Ich nenne sie heimlich Maria und Josef. Ich lerne sie in der Adventszeit kennen. Sie fragen, ob ich weiß, wo eine Wohnung frei ist. Zwei sympathische Leute. Die junge Frau ist hochschwanger.
Es gibt tatsächlich eine kleine Wohnung. Die beiden freuen sich. Wir helfen zwei Stündchen beim Einziehen, Kisten tragen, saubermachen, das, was Maria mit dem dicken Bauch nicht mehr kann. Josef, der eigentlich Juri heißt, rennt hektisch hin und her. Er raucht viel und telefoniert viel. „Geh besser nach draußen zum Rauchen - wegen des Kindes“, sage ich und beiße mir sofort auf die Zunge. Ich will nicht übergriffig sein.

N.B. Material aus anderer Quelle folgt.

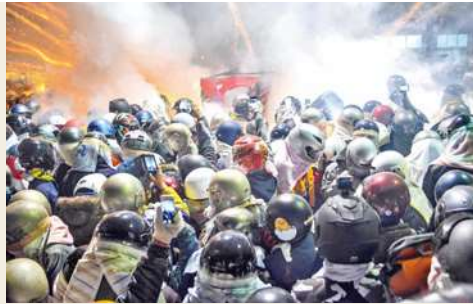
1 | 2 圖1：許多民眾全副武裝，參加這場蜂炮盛典。 3 圖2：神轎遶境所到之處皆蜂炮四射。
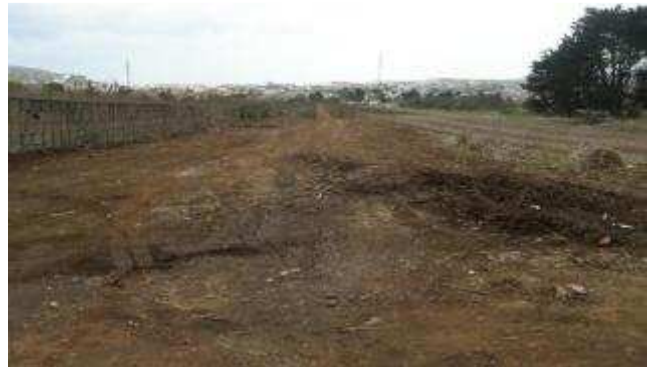
Aspecto que presenta ahora el suelo afectado, que es el de protección agrícola.

La Agencia de Protección del Medio Urbano y Natural (Apmun) ha desalojado el desguace ilegal que funcionaba en la calle La Atalaya de Camino Tornero. Después de agotar la vía administrativa, a través de la que había llegado a multar a su propietario con más de un millón de euros, la Agencia que depende del Gobierno de Canarias decidió ejecutar de manera subsidiaria la limpieza de la chatarra, que estaba desperdigada sobre 2.345 metros cuadrados de suelo rústico protegido por su alto valor ambiental.
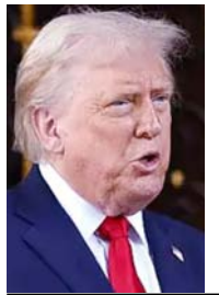
हेरिस की डेमोक्रेटिक पार्टी को पास 47 हैं। ट्रम्प की रिपब्लिकन पार्टी के ही लगभग 10 सांसद ईरान युद्ध के विरोध में आवाज उठा चुके हैं।

अमेरिकी राष्ट्रपति ट्रम्प के पास जंग जारी रखने के लिए 7 दिन हैं। अमेरिकी संविधान के अनुसार, किसी भी युद्ध को 60 दिन में संसद की मंजूरी लेनी पड़ती है। यहां भी ट्रम्प ने खेल किया। युद्ध 28 फरवरी को छेड़ा, संसद को 2 मार्च को सूचित किया। अब एक मई से पहले उन्हें संसद से युद्ध की मंजूरी लेनी है। रिपोर्ट्स के मुताबिक ट्रम्प संसद का सामना नहीं करना चाहते हैं। 100 सदस्यों वाली सीनेट में ट्रम्प के 53 सांसद हैं। जबकि विपक्षी कमला

Bald wird Hannes geboren. Juri
und Maria platzen vor Stolz. Ab und zu sehe ich Maria mit dem Kleinen
spazieren gehen. Dann bestaunen wir gemeinsam den kleinen Fratz. Der Kontakt ist
freundlich, aber er ist nicht eng.
Irgendwann fällt mir auf, dass Maria immer alleine mit dem Kinderwagen unterwegs ist: „Geht es Juri gut?“ frage ich, als wir uns sehen. Marias Antworten sind ausweichend. Ja, Juri ist viel unterwegs. Ja, Juri geht es gut. Manchmal guckt sie dann zur Seite.
Ein paar Monate später steht Juri vor meiner Tür. Abgemagert, bleich, er zittert. „Kannst du mich segnen? Jetzt? Frag bitte nichts. Ich meine, du kannst mich doch segnen, oder?“
Ich muss mir wieder auf die Zunge beißen. Ich möchte ihn fragen: „Was ist los? Warum bist du so nervös? Was ist passiert, dass du so abgenommen hast? Wo warst du? Warum willst du gesegnet werden?“ Aber ich frage nur: „Sind Maria und Hannes ok?“ Juri nickt. Ja, die sind ok.

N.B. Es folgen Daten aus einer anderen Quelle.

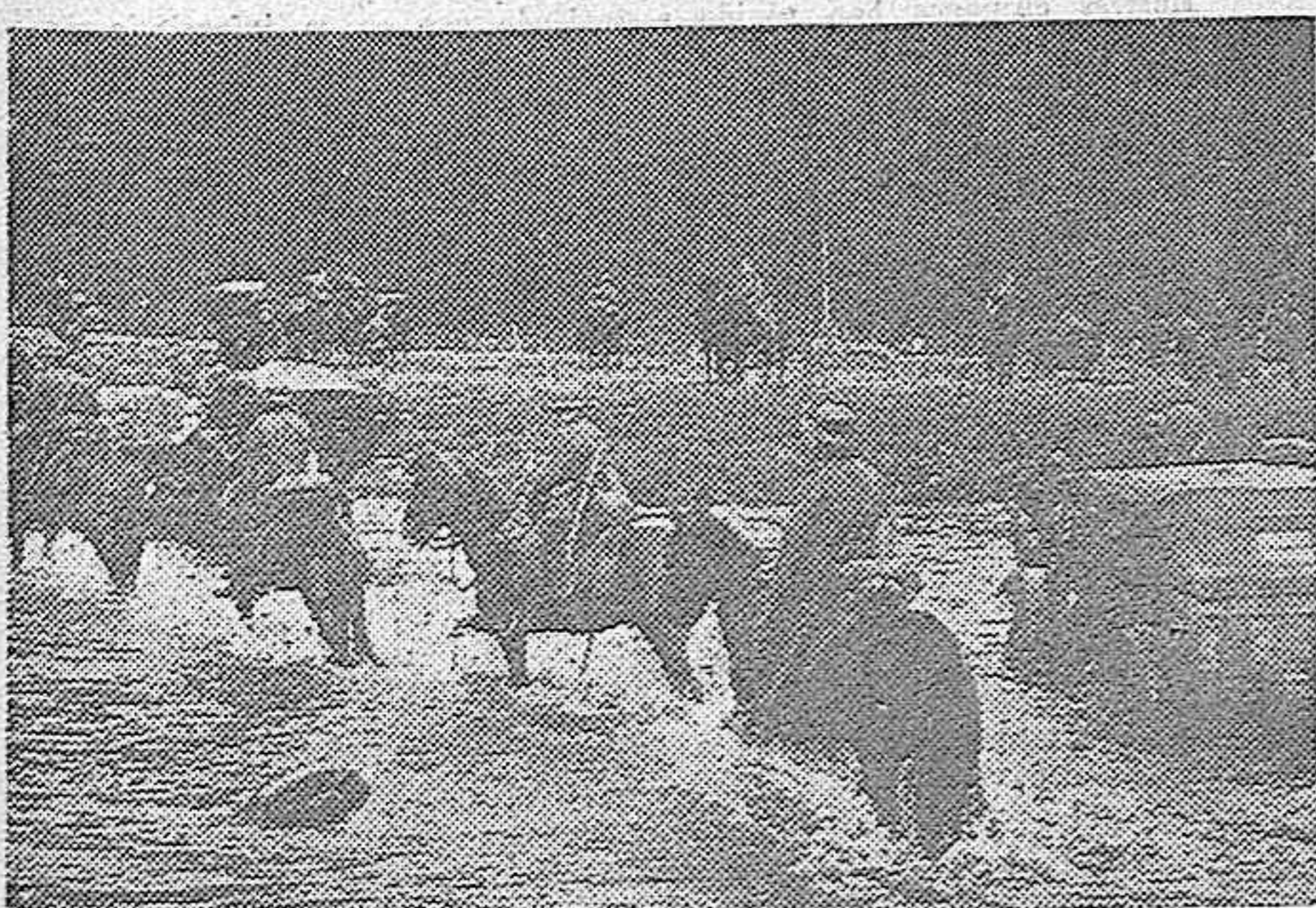
Las tropas alemanas vadean un río durante su avance por Bélgica.

Con motivo de la festividad religiosa del día de hoy, mañana no aparecerá EL DIA DE VALENCIA

Er möchte in die Kirche gehen. Wir gehen den kurzen Weg schweigend. Juri steht unruhig an den Stufen zum Altar. Andauernd schaut er sich zur Tür um. Ich bete zu dem Gott, der mehr weiß als ich.
„Meinst du, Gott nimmt mich an?“ fragt er, als ich mit dem Beten fertig bin. Ich habe keine Ahnung. Ich habe Bonhoeffers Wort von der „billigen Gnade“ im Kopf, und Vergebung ohne Wahrheit und ohne Bereuen ist mir eigentlich ein Gräuel: „Juri, willst du sagen, was los ist?“ Nein, Juri wiederholt es noch einmal: „Ich kann dir jetzt nichts sagen.“ Ich segne ihn - mit den alten Worten „Gott segne dich und behüte dich. Gott lasse sein Angesicht leuchten über dir und sei dir gnädig. Gott erhebe sein Angesicht auf dich und gebe dir Frieden.“
Juri ist schnell weg. Erst eine ganze Weile später erfahre ich, dass er von der Polizei wegen bandenmäßigen Drogenhandels verhaftet wurde. Auch Maria und Hannes sind plötzlich weg. Sie haben sich nicht verabschiedet.
Segnen heißt: uns an unsere Bestimmung zu erinnern: So sind wir gemeint, und so sollen wir werden. Vielleicht hat Juri sich erinnert. Vielleicht wollte er gerne noch einmal von vorne anfangen. Segnen heißt: Es soll ihm gelingen.
Ihre Pfarrerin Christel Weber aus Bielefeld.